▶ **Requirement**
Before printing, remove every picture; then print the lines below exactly, from the first line through the line containing "HERMA Premium - Selbstklebende".

▶ **Data extract**
:::::

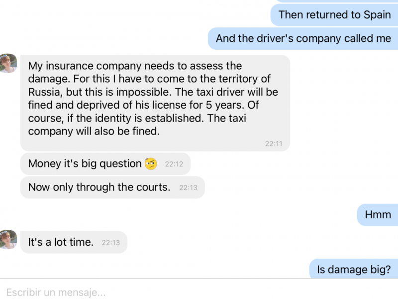 Esto en unos 3 dias, pues ahora ya esta identificado, y su licencia preventivamente retirada, y se ira a juicio en breve. . Mi amiga se queja que al final, no va a valer de mucho para que se lo pagen, pues su coche está asegurado en Rusia..no en Bielorusia.
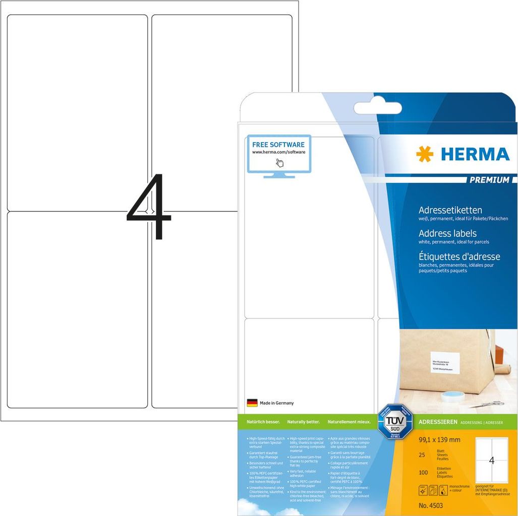 HERMA Premium - Selbstklebende Adressenetiketten - Mattes Weiß - 99,1 x 139 mm - 100 Etikett(en) (25 Bogen x 4) (4503)
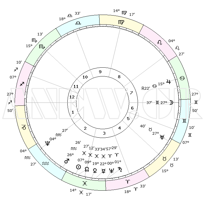 | | ΘΕΣΕΙΣ ΠΛΑΝΗΤΩΝ ΑΣΤΡΟΛΟΓΙΚΟΥ ΧΑΡΤΗ ΤΗΣ ΣΤΙΓΜΗΣ ΑΥΤΗΣ | | | | Πλανήτης | Ζώδιο | Μοίρες | Δεκαήμ. | Σε οίκο | Απόκλιση | | Ακμές των οίκων | | Ηλιος | Ιχθείς | 07°23' | Πρώτο | 3 | 08 S 48 | | 1ος | 09°17' | Τοξότης | | Σελήνη | Δίδυμοι | 26°46' | Τρίτο | 7 | 28 N 25 | | 2ος | 11°52' | Αιγόκερως | | Ερμής | Ιχθείς | 22°33' | Τρίτο | 3 | 00 S 27 | | 3ος | 19°09' | Υδροχόος | | Αφροδίτη | Ιχθείς | 19°28' | Δεύτερο | 3 | 05 S 27 | | 4ος | 25°10' | Ιχθείς | | Αρης | Υδροχόος | 26°23' | Τρίτο | 3 | 13 S 45 | | 5ος | 24°53' | Κριός | | Δίας | Καρκίνος | 15°22'R | Δεύτερο | 8 | 22 N 53 | | 6ος | 18°43' | Ταύρος | | Κρόνος | Κριός | 01°29' | Πρώτο | 4 | 01 S 22 | | 7ος | 09°17' | Δίδυμοι | | Ουρανός | Ταύρος | 27°40' | Τρίτο | 6 | 19 N 28 | | 8ος | 11°52' | Καρκίνος | | Ποσειδώνας | Κριός | 00°57' | Πρώτο | 4 | 00 S 50 | | 9ος | 19°09' | Λέων | | Πλούτωνας | Υδροχόος | 04°27' | Πρώτο | 2 | 22 S 53 | | 10ος | 25°10' | Παρθένος | | Β. Δεσμός | Ιχθείς | 09°12' | Πρώτο | 3 | 08 S 07 | | 11ος | 24°53' | Ζυγός | | Ωροσκόπος | Τοξότης | 09°17' | Πρώτο | | | 12ος | 18°43' | Σκορπιός | | Μεσουράνημα | Παρθένος | 25°10' | Τρίτο | | | |
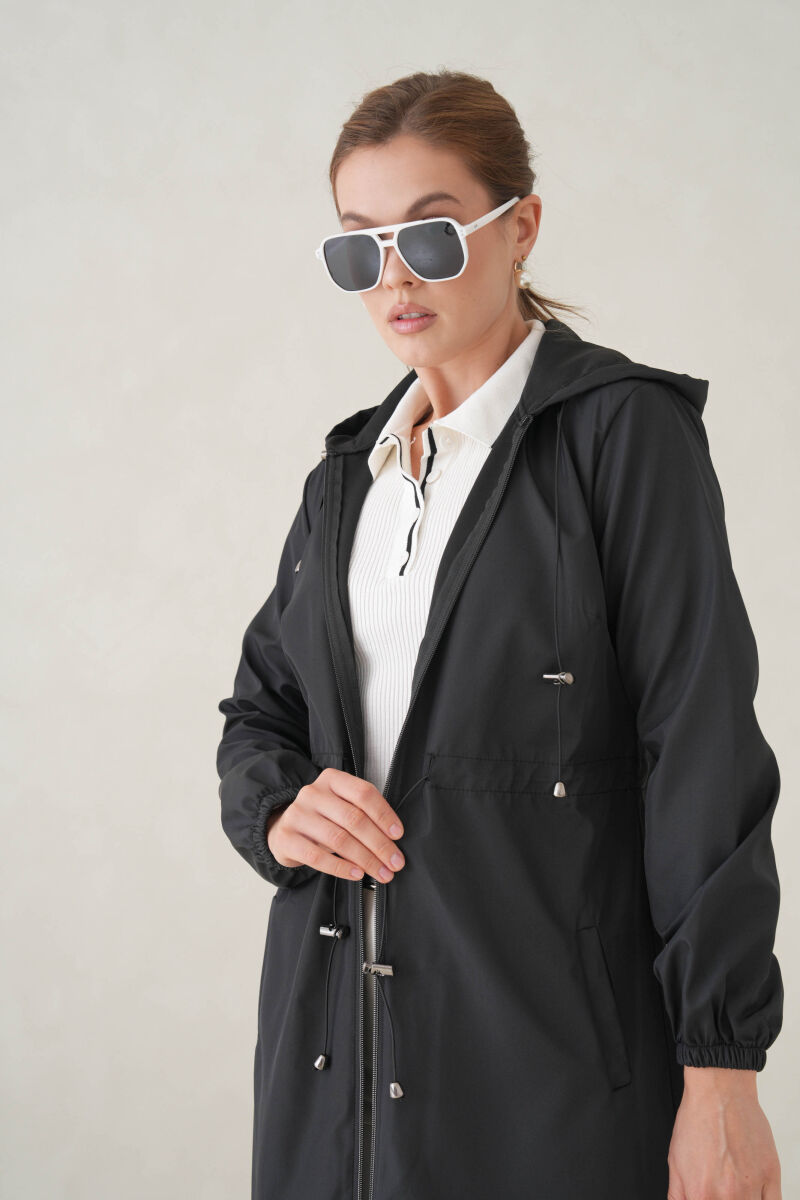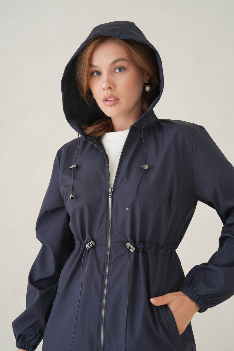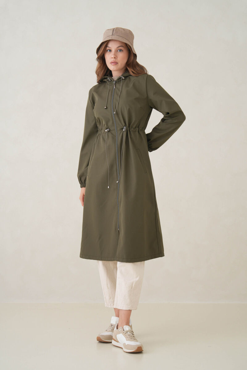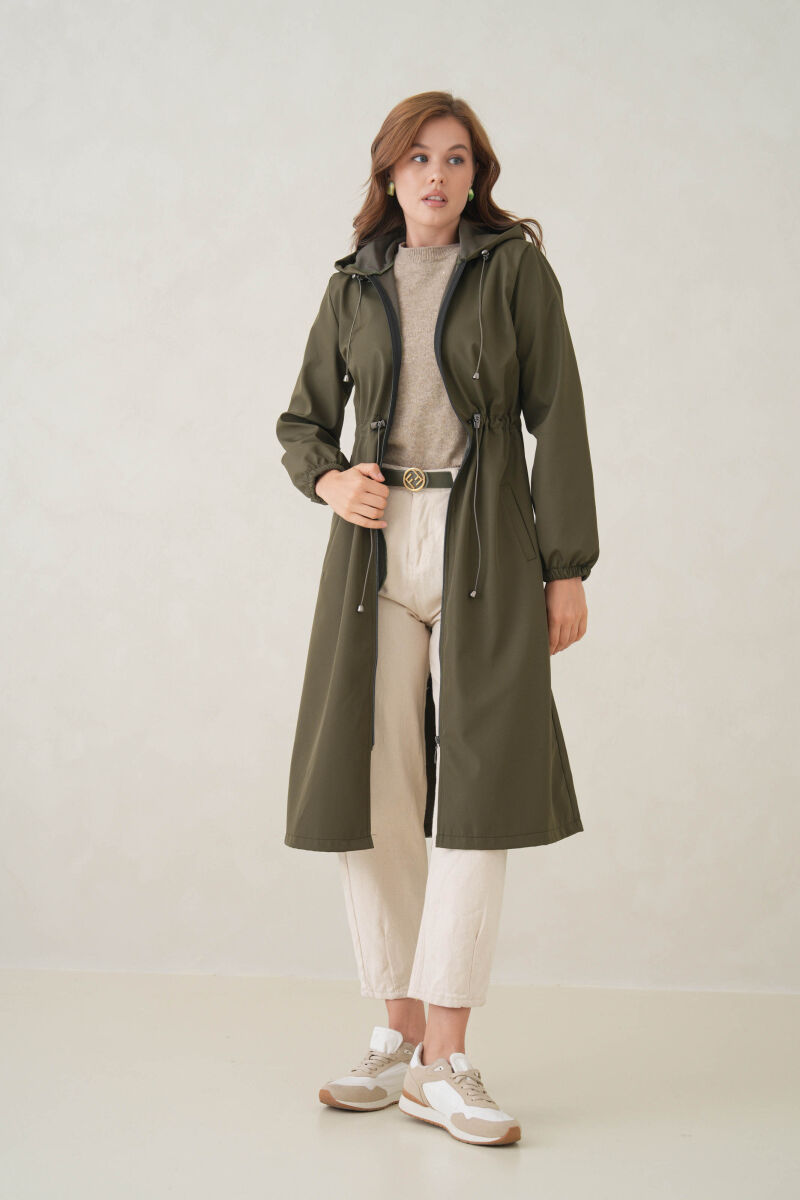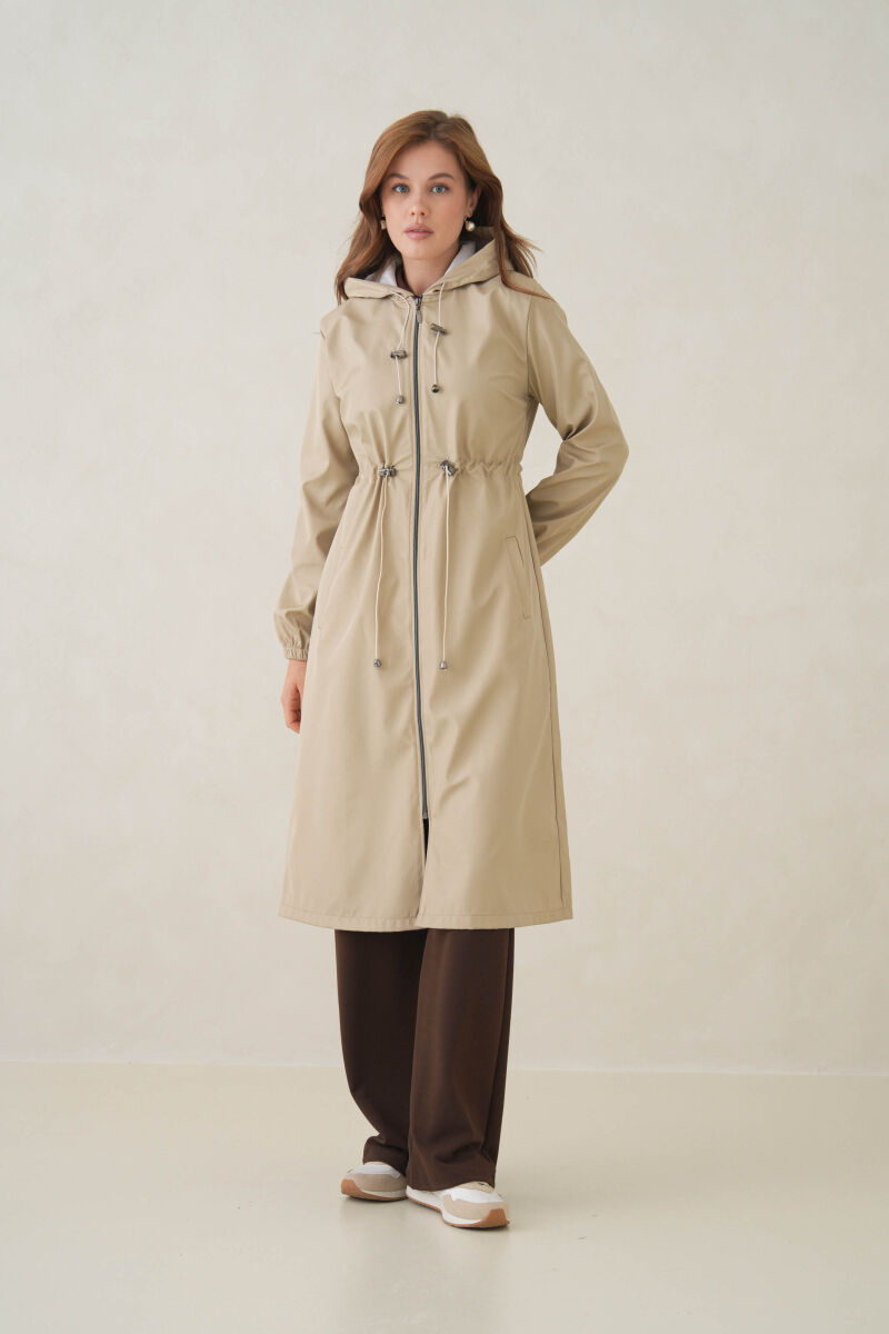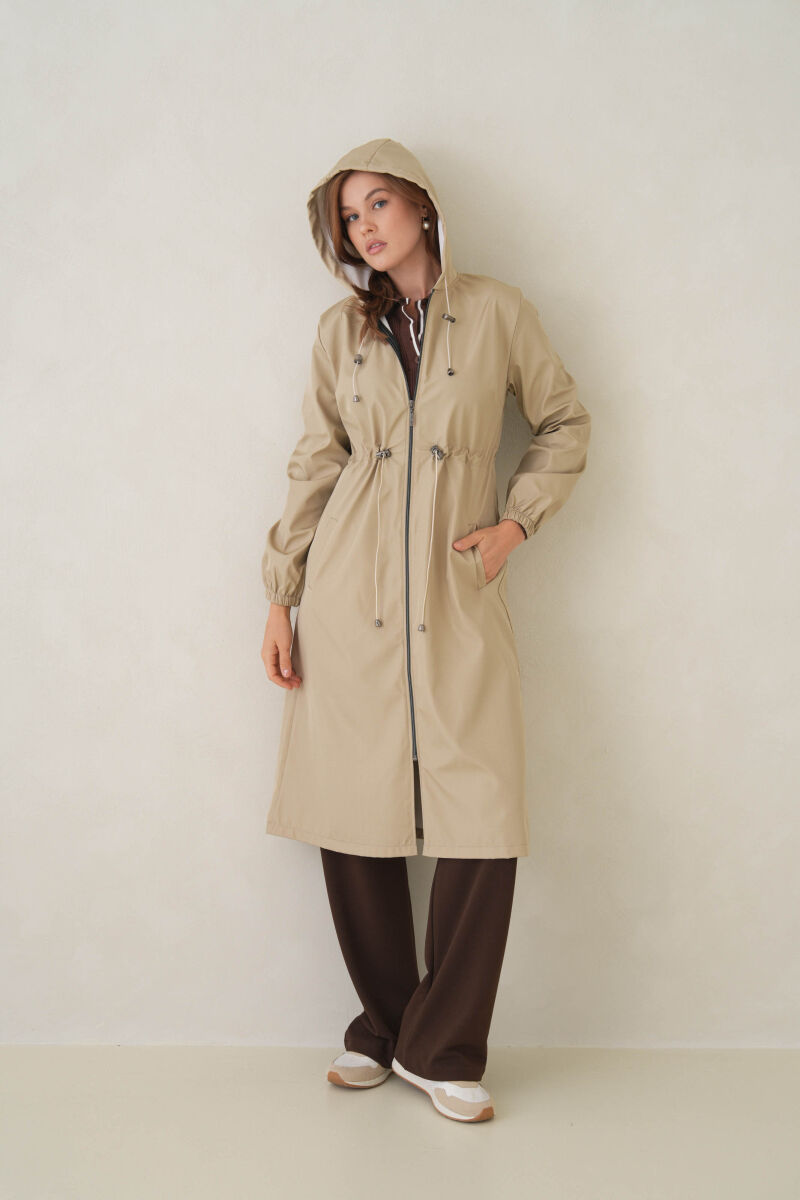 Su Geçirmez Kapüşonlu Fermuarlı Sık Dokuma Kadın Trençkot

:::::

▶ **Task result**
 Esto en unos 3 dias, pues ahora ya esta identificado, y su licencia preventivamente retirada, y se ira a juicio en breve. . Mi amiga se queja que al final, no va a valer de mucho para que se lo pagen, pues su coche está asegurado en Rusia..no en Bielorusia.
 HERMA Premium - Selbstklebende Adressenetiketten - Mattes Weiß - 99,1 x 139 mm - 100 Etikett(en) (25 Bogen x 4) (4503)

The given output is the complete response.